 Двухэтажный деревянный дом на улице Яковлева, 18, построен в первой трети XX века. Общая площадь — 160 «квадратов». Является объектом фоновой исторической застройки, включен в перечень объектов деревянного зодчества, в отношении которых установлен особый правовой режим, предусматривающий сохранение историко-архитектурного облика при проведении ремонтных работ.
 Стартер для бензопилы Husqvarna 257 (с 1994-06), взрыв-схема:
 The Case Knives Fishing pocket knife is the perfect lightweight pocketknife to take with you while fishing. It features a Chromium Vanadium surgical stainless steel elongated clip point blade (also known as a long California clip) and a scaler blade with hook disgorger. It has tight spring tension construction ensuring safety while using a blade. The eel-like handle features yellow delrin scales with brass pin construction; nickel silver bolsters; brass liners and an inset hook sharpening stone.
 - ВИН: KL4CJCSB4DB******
==
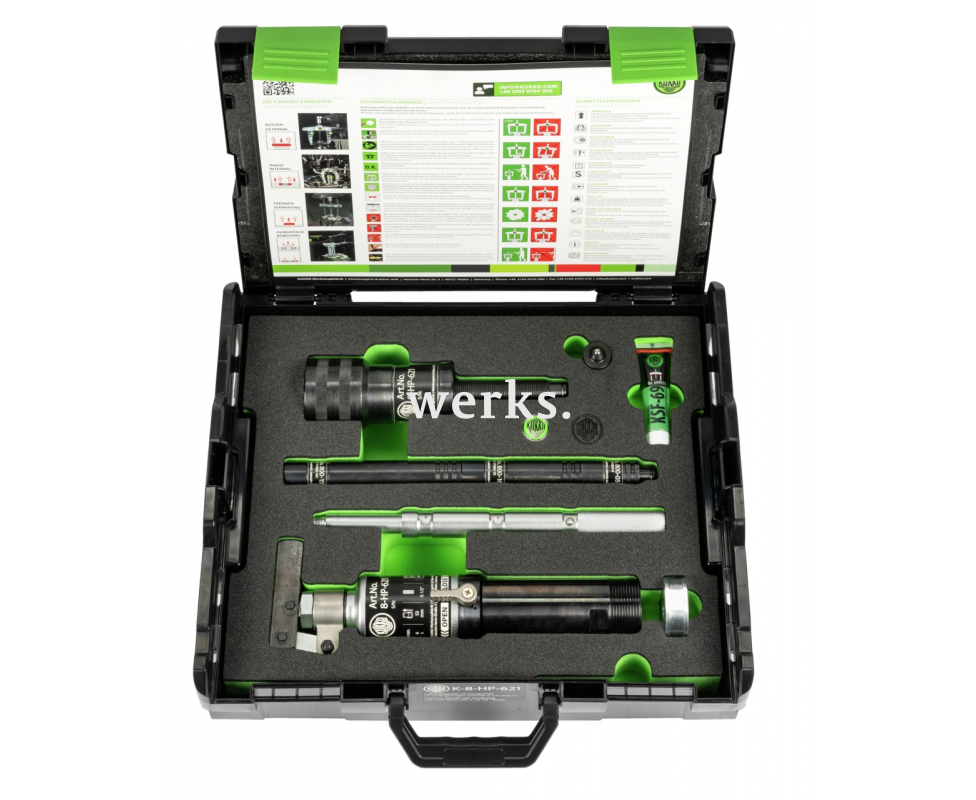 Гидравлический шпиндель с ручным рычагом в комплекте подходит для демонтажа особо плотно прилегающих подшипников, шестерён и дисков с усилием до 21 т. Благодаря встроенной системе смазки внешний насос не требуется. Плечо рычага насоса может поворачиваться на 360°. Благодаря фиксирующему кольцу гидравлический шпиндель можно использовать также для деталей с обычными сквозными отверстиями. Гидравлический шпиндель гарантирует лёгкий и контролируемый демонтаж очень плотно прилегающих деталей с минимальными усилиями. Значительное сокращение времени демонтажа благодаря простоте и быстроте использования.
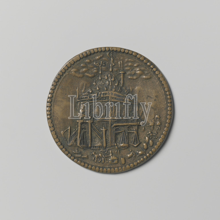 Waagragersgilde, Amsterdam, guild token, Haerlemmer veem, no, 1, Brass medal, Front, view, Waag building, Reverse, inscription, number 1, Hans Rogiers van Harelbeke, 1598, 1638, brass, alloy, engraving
* * *
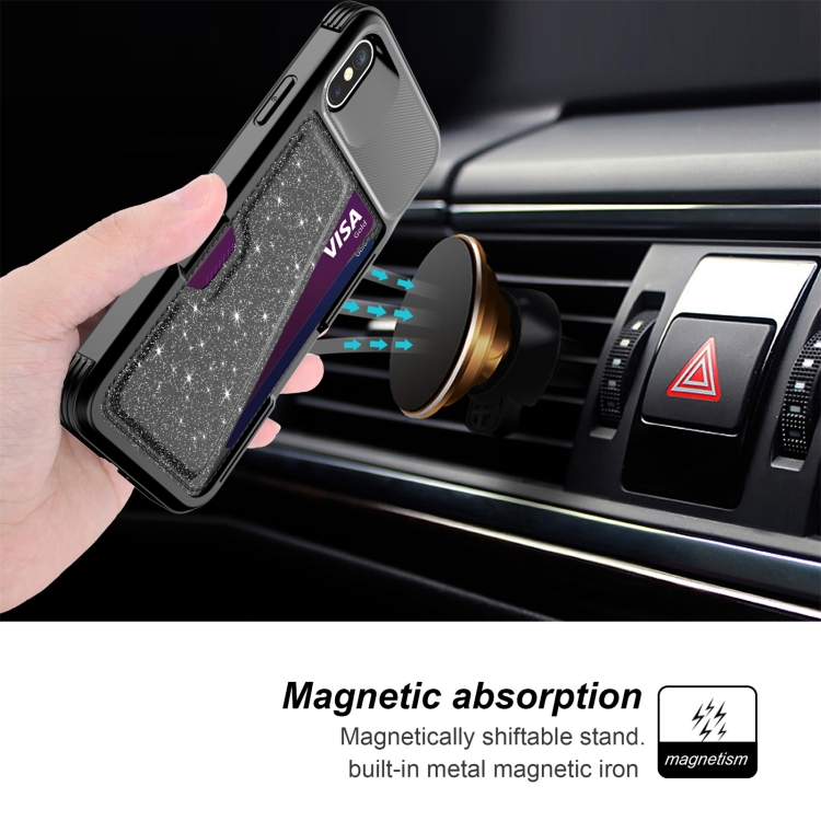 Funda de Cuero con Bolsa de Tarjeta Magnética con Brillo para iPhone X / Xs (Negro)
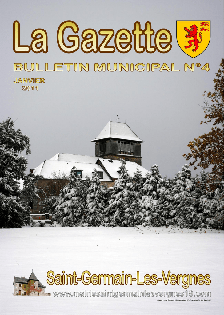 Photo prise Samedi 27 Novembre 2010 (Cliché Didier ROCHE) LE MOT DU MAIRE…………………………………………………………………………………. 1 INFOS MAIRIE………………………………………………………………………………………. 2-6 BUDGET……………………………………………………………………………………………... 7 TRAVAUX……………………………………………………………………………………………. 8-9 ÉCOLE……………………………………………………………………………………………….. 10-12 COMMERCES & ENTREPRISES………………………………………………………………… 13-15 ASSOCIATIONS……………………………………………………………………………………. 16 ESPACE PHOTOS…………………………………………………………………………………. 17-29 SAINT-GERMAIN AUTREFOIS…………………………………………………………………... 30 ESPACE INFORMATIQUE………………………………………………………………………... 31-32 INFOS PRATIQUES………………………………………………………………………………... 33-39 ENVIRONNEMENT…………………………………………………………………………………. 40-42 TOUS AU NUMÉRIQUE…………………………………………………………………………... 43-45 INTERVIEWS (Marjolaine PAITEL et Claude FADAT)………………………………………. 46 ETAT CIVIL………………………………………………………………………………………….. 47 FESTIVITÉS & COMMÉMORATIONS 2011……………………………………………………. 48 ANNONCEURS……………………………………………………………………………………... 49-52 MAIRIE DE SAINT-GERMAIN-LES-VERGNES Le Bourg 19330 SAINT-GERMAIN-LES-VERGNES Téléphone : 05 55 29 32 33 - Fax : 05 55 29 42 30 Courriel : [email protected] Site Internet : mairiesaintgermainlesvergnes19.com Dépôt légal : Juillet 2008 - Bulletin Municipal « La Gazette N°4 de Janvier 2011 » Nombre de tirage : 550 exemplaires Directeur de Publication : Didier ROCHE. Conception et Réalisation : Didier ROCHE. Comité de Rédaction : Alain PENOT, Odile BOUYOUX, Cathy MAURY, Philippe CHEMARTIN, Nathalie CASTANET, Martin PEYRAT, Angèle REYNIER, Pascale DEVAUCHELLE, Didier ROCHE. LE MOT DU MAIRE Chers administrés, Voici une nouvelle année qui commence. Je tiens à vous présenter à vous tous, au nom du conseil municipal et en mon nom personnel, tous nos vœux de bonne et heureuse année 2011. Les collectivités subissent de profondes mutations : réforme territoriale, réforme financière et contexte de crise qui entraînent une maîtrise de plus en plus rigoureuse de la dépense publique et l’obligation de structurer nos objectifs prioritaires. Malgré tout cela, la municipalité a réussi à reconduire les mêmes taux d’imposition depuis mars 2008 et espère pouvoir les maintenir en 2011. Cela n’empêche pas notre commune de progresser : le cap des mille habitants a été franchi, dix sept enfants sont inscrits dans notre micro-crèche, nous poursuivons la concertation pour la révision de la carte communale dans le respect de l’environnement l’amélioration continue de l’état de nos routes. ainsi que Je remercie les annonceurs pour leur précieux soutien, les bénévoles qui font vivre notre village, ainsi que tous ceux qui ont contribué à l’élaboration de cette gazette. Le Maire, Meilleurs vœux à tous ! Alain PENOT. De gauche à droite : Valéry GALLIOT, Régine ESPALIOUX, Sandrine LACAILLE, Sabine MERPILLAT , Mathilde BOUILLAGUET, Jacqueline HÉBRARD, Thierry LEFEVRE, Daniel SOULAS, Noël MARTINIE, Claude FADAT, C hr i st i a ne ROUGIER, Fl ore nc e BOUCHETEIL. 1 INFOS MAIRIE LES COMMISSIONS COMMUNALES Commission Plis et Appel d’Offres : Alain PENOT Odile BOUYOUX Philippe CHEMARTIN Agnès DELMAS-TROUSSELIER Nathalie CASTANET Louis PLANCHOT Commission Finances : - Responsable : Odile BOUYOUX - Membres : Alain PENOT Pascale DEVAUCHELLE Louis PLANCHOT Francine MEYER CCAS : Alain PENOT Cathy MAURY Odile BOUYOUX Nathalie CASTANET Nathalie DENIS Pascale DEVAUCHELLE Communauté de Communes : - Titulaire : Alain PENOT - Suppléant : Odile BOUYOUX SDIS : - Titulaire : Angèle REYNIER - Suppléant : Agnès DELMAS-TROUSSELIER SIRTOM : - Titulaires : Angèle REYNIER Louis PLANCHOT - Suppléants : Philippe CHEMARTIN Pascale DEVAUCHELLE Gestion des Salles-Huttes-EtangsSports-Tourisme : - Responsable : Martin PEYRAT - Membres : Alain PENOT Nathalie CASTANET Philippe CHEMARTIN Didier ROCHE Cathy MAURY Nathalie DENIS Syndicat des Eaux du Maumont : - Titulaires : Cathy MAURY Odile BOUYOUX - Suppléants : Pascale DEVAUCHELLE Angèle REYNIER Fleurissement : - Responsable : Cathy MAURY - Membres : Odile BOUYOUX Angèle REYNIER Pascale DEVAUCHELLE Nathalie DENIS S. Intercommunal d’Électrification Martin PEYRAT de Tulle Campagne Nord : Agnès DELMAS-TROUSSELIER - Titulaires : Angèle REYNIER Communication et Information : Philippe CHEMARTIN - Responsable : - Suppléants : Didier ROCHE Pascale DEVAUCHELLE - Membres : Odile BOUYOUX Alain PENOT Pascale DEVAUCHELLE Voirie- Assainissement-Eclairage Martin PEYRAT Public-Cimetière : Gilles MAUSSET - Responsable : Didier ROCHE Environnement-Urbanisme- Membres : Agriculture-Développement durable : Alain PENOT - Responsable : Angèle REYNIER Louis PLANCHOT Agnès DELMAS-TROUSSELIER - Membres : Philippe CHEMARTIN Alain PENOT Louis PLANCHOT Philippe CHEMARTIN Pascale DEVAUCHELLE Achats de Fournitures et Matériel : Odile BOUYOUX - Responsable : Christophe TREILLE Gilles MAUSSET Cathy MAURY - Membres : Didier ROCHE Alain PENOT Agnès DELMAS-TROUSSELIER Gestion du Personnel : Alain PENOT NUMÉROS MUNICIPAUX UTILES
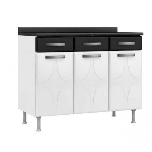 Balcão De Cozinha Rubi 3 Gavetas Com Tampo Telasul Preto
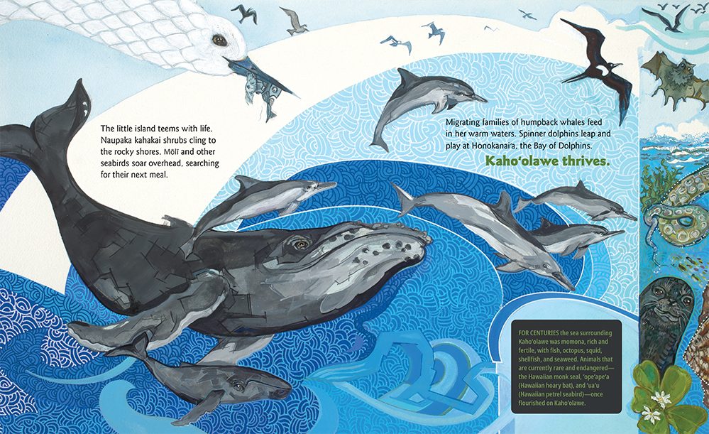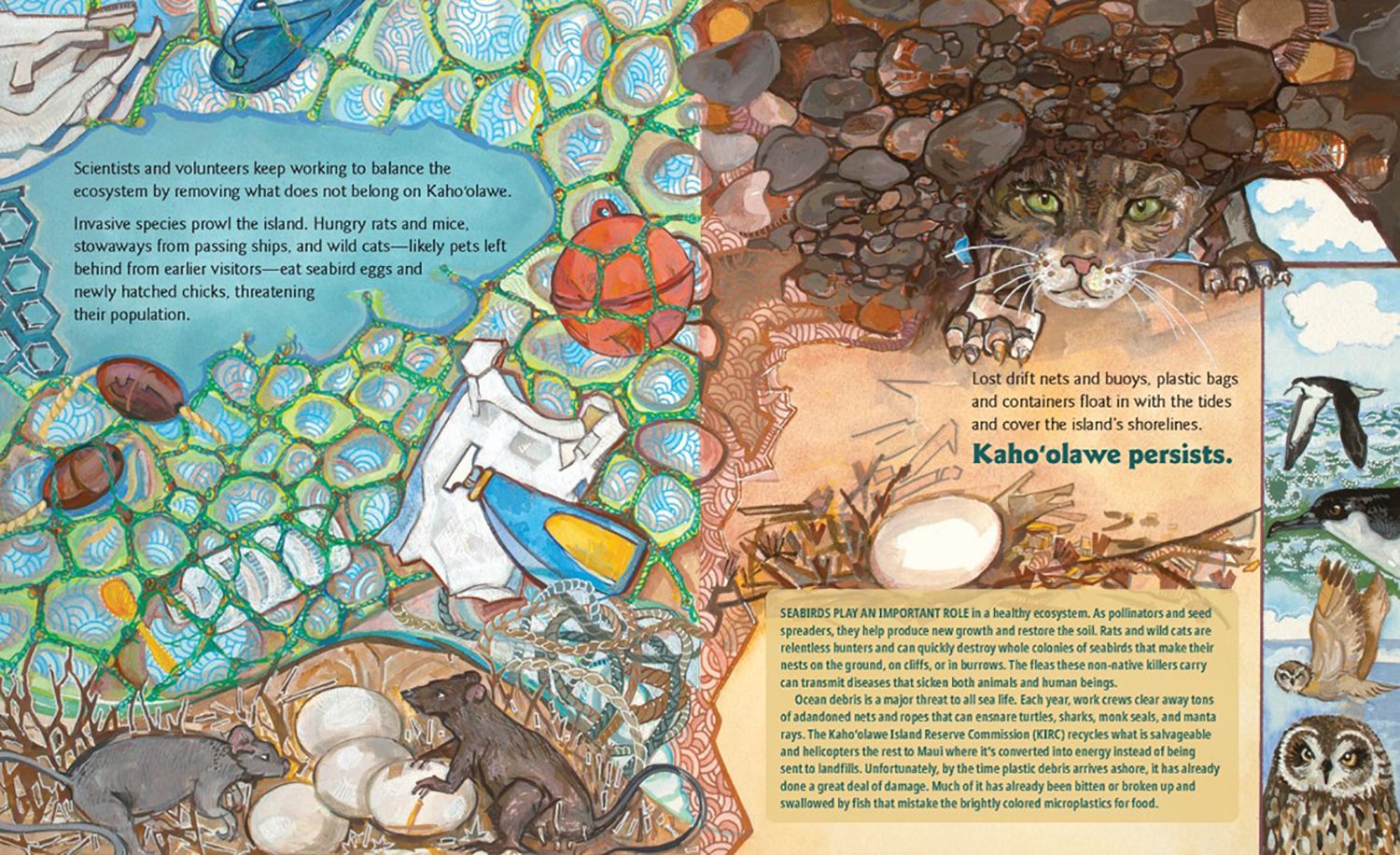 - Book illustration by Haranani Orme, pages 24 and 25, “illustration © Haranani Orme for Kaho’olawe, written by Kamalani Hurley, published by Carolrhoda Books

- **Your instructions**: The response should be the listing above, limited to the lines between the one holding "Двухэтажный деревянный дом" and the one holding "Стартер для бензопилы", inclusive, reproduced exactly.

- **Expected output**:
 Двухэтажный деревянный дом на улице Яковлева, 18, построен в первой трети XX века. Общая площадь — 160 «квадратов». Является объектом фоновой исторической застройки, включен в перечень объектов деревянного зодчества, в отношении которых установлен особый правовой режим, предусматривающий сохранение историко-архитектурного облика при проведении ремонтных работ.
 Стартер для бензопилы Husqvarna 257 (с 1994-06), взрыв-схема:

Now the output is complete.